◆ WHAT IS REQUIRED ◆
Copy the lines below word for word, skipping any image.

◆ GIVEN MATERIAL ◆
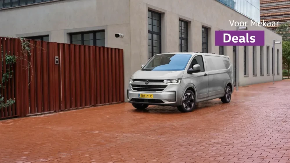 Je rijdt de Transporter nu extra voordelig tijdens onze Voor Mekaar Deals, want je profiteert van € 4.000 tijdelijk voordeel* op alle uitvoeringen van de Transporter of een extra scherp Financial Lease tarief vanaf € 459 p/m**. Bekijk snel deze Voor Mekaar Deal.
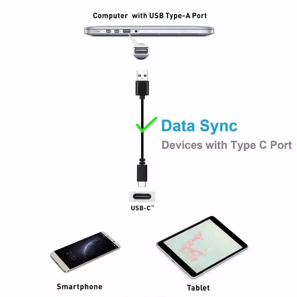 Adaptive Fast Charging USB Type-C Cable 100% Brand new and high quality Easy Installation High Quality with Reasonable Price Lightweight, portable, convenient USB version: Type C Connectors: USB 3.1 Type-C Male, USB 3.0 Type-A Male Cable length : 1.2m / 4 Feet Color: Black Package Included: 1/3/5/10/20/50/100x USB Charging Cable(Depend on your choice) Compatible with:Please note that if you need fast charging, your charging adapter must also support fast charging.
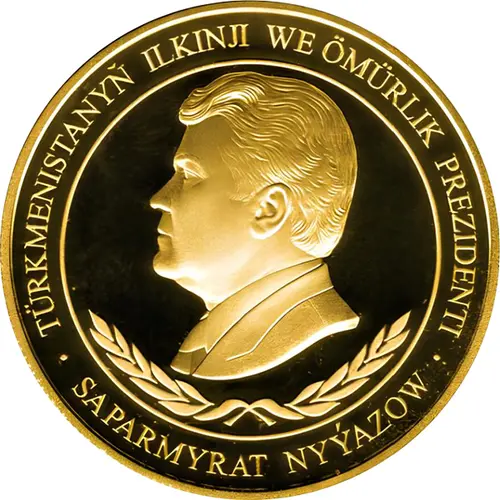 | Obverse lettering | TÜRKMENISTANYŇ ILKINJI WE ÖMÜRLIK PREZIDENTI ∙ SAPARMYRAT NYÝAZOW ∙ (Translation: The first and lifelong President of Turkmenistan Saparmurat Niyazov) |

◆ SOLVED PROBLEM ◆
 Je rijdt de Transporter nu extra voordelig tijdens onze Voor Mekaar Deals, want je profiteert van € 4.000 tijdelijk voordeel* op alle uitvoeringen van de Transporter of een extra scherp Financial Lease tarief vanaf € 459 p/m**. Bekijk snel deze Voor Mekaar Deal.
 Adaptive Fast Charging USB Type-C Cable 100% Brand new and high quality Easy Installation High Quality with Reasonable Price Lightweight, portable, convenient USB version: Type C Connectors: USB 3.1 Type-C Male, USB 3.0 Type-A Male Cable length : 1.2m / 4 Feet Color: Black Package Included: 1/3/5/10/20/50/100x USB Charging Cable(Depend on your choice) Compatible with:Please note that if you need fast charging, your charging adapter must also support fast charging.
 | Obverse lettering | TÜRKMENISTANYŇ ILKINJI WE ÖMÜRLIK PREZIDENTI ∙ SAPARMYRAT NYÝAZOW ∙ (Translation: The first and lifelong President of Turkmenistan Saparmurat Niyazov) |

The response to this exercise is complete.